My Buddy earl has been banned.I'm sure he deserved it,or it would not have happened.That aside,I feel that Jeff,earls real name was searching.I pray that THE LORD pricks his heart,and Saves his soul.I hope all who will,will join me in this prayer.


----------



## ronpasley (Oct 20, 2010)

http://forum.gon.com/showthread.php?t=568074&highlight=pray+for+earl


----------



## ronpasley (Oct 20, 2010)

Touch my friend Earl in Jesus name for I love him so much I can not bear the thought of my friend Earl going the wrong way.

Earl if you see this I love you and I hope and pray to see you in heaven worshipping the Lord Jesus Christ with us.

Your Friend always
Ron Pasley


----------



## Inthegarge (Oct 20, 2010)

Still praying for Earl (or whatever his name really is)......RW


----------



## christianhunter (Oct 20, 2010)

ronpasley said:


> http://forum.gon.com/showthread.php?t=568074&highlight=pray+for+earl



Sorry Brother,to my shame,I never saw that one.I hope they do not move this one,because it was probably this one or the other two sub-forums,that got him.


----------



## christianhunter (Oct 20, 2010)

Inthegarge said:


> Still praying for Earl (or whatever his name really is)......RW



Jeff.


----------



## apoint (Oct 20, 2010)

Prayers sent


----------



## Ronnie T (Oct 20, 2010)

I guess I've known God all my life.  I can't remember a time that I
didn't live in the peace and contentment of Jesus Christ.
I want earl to have that same feeling.

I'll be thinking about earl for a long long time and I'll pray for him often.

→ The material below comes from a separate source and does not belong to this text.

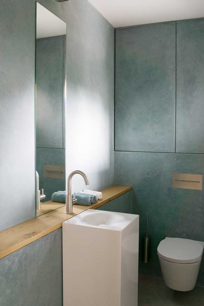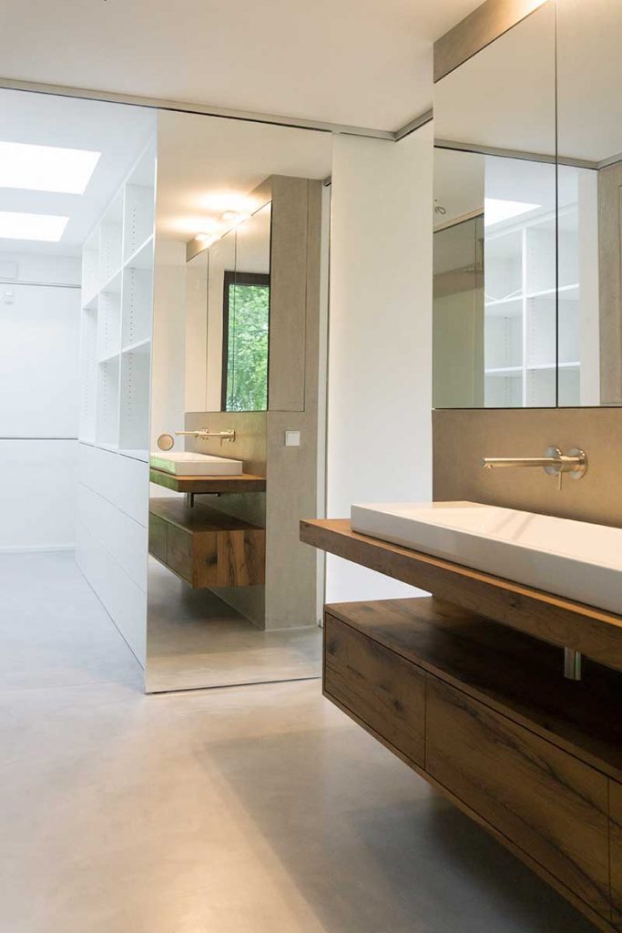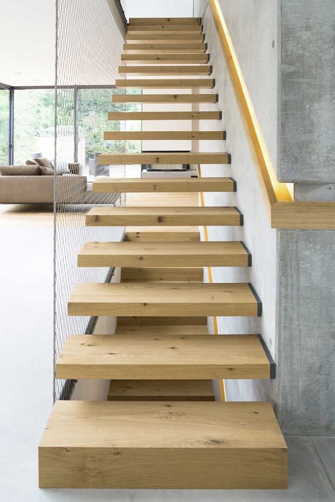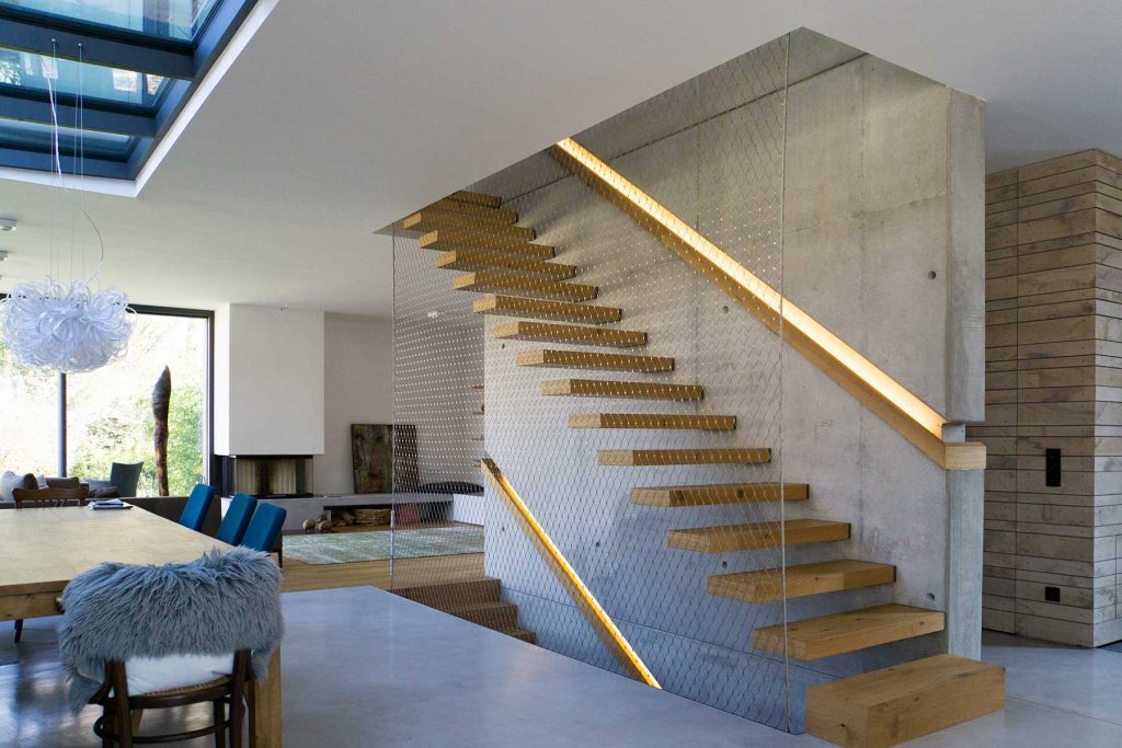 Eine Besonderheit stellt der mittige Einschnitt im Obergeschoss Richtung Westen dar, der zum einen Tageslicht im sehr tiefen Innenraum in Erd- und Obergeschoss bietet und zum anderen Raum für die freihängende Stahltreppe zur Dachterrasse schafft. Sämtliche Einbauten sowie Außenanlagen wurden mit geplant und realisiert. Das Haus verfügt über eine hocheffizient Gebäudehülle und Haustechnik.

I know that earl did not consider himself an atheist.

I pray that God would allow earl to feel His wonderful hands in such a way that he would turn to God and seek Him.
Strengthen us all Father.  

.


----------



## Lowjack (Oct 20, 2010)

Done !


----------



## hummerpoo (Oct 21, 2010)

Prior to the split there were several whom I simply skipped over.  Earl was never one of those, and I was pleased that he visited here.  Yes, he has and will be in my prayers.


----------



## Jeff57 (Oct 21, 2010)

Was already lifting him up and will continue to do so.  Of all the non-christians that post here I always thought Jeff (Earl) was one searching for answers and not just here to ridicule christians like a few others.  I don't know what his stumbling block is but I pray that God will lead him to seek the truth and he will find it in Christ.


----------



## centerpin fan (Oct 21, 2010)

hummerpoo said:


> Prior to the split there were several whom I simply skipped over.  Earl was never one of those, and I was pleased that he visited here.



Ditto.


----------



## tomtlb66 (Oct 21, 2010)

Prayers are sent. Jeff, if your reading this, we all love you and prayers are being sent. Lets all stand together right now brothers and pray for Jeff. Precious Heavenly Father, we never deserve your mercy and grace, but out of love You freely give it. Please touch Jeff's heart and show him You love him and he matters to you. Touch his heart in a way that he understands, Lord save his soul and give him peace that can only come from you, we ask this in Your Holy Name. Amen


----------



## formula1 (Oct 21, 2010)

*Re:*

Prayers lifted up.

Jeff (earl), Thanks for you antagonistic approach.  You made use all think and challenged us to live out this walk with Jesus. I can imagine you with your straight up approach being a huge thorn is Satan's side should you ever join with the Lord.  I am praying that way for sure.


----------



## Jeffriesw (Oct 21, 2010)

I will continue to pray for Earl, I considered Him a friend and he will be missed.


----------